» RECORD EXTRACTS
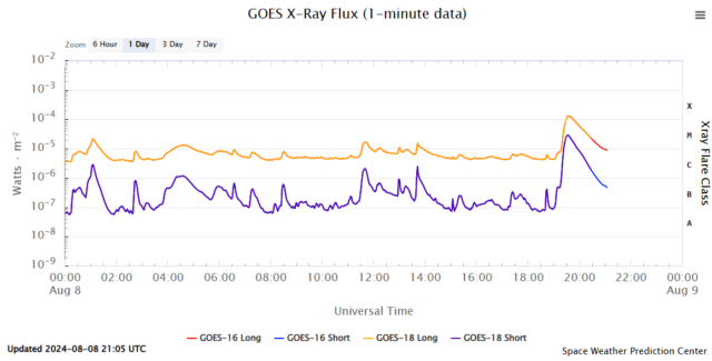 Bardzo silny rozbłysk słoneczny klasy X1.3 szczyt miał w czwartek 8 sierpnia o 21:35 czasu w Polsce z plamy 3777 na 22 stopniu zachodnim.
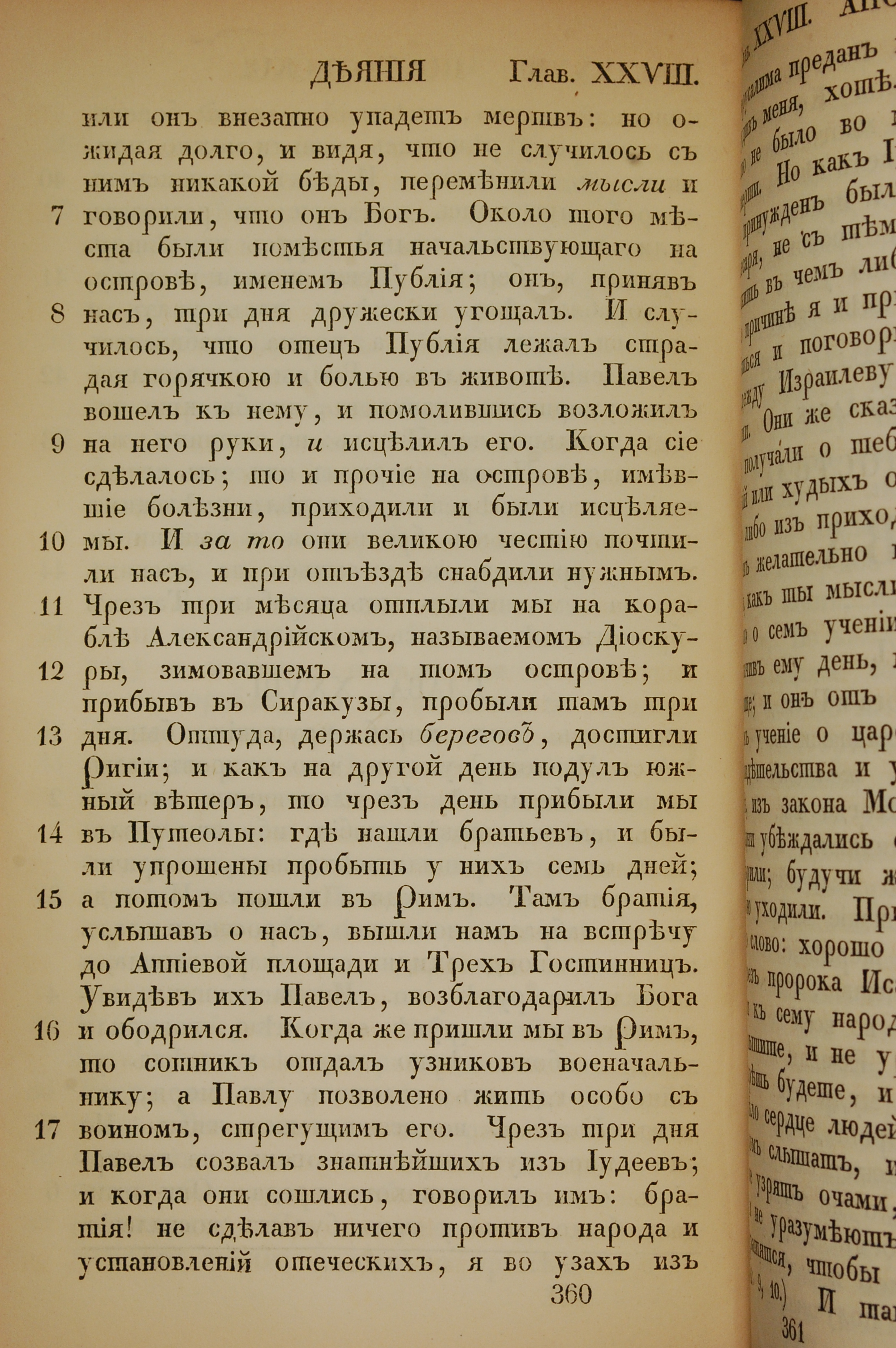 1855年俄文新約全書 使徒行傳 28 章 7 節到 28 章 17 節
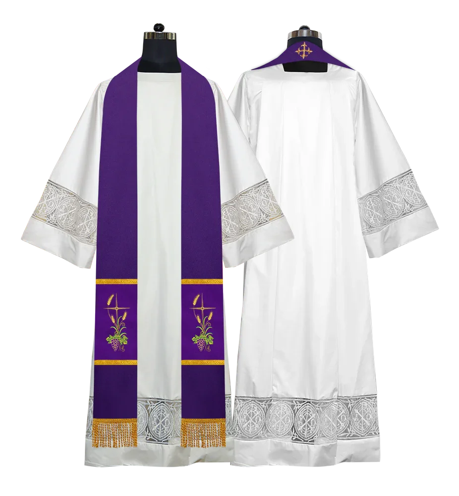 Embrace liturgical elegance with our Clergy Stole embroidered with Wheat and Grapes, crafted for discerning clergy members. This priest stole is expertly crafted for beauty and spiritual significance, making it essential for any minister’s ceremonial attire.
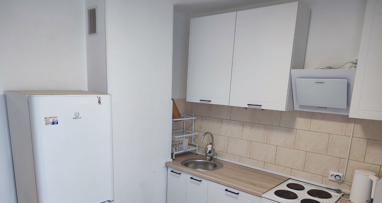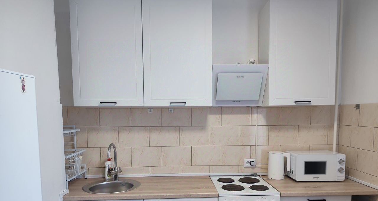 В квартире есть все необходимое для комфортного проживания: кухня оборудована плитой с духовкой, вытяжкой, микроволновкой, чайником, посудомоечной машиной, холодильником.
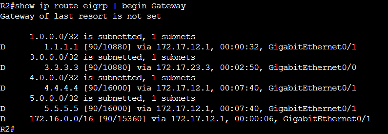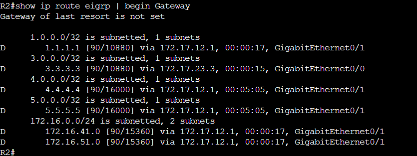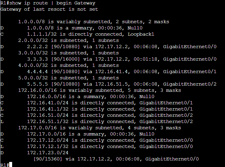 172.16.0.0/16のなかでネットワークに存在するセグメントは172.16.41.0/24と172.16.51.0/24だけです。これ以外のセグメントの宛先はEIGRPトポロジ内には存在しないので、破棄するようネクストホップがnullのルート情報が追加されます。
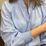 Blusa de algodón en azul con botones , cuello subido de nido de abeja ,puño con elastico y volante.
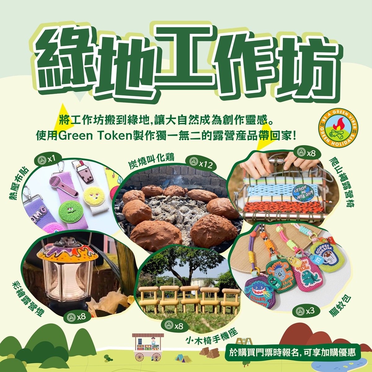 將工作坊搬到綠地,讓大自然成為你嘅創作靈感!由多位手作達人親自教導,讓你DIY製作獨一無二的露營裝備,包括小木椅手機座、彩繪露營燈及爬山繩露營椅等,實用又有紀念價值,為露營增添溫度與獨特回憶。

» ACTIVITY
Return exactly the lines above, from the one with "1855年俄文新約全書 使徒行傳 28 章 7 節到 28 章 17 節" up to and including the one with "172.16.0.0/16の", and include no pictures.

» EXERCISE OUTPUT
 1855年俄文新約全書 使徒行傳 28 章 7 節到 28 章 17 節
 Embrace liturgical elegance with our Clergy Stole embroidered with Wheat and Grapes, crafted for discerning clergy members. This priest stole is expertly crafted for beauty and spiritual significance, making it essential for any minister’s ceremonial attire.
 В квартире есть все необходимое для комфортного проживания: кухня оборудована плитой с духовкой, вытяжкой, микроволновкой, чайником, посудомоечной машиной, холодильником.
 172.16.0.0/16のなかでネットワークに存在するセグメントは172.16.41.0/24と172.16.51.0/24だけです。これ以外のセグメントの宛先はEIGRPトポロジ内には存在しないので、破棄するようネクストホップがnullのルート情報が追加されます。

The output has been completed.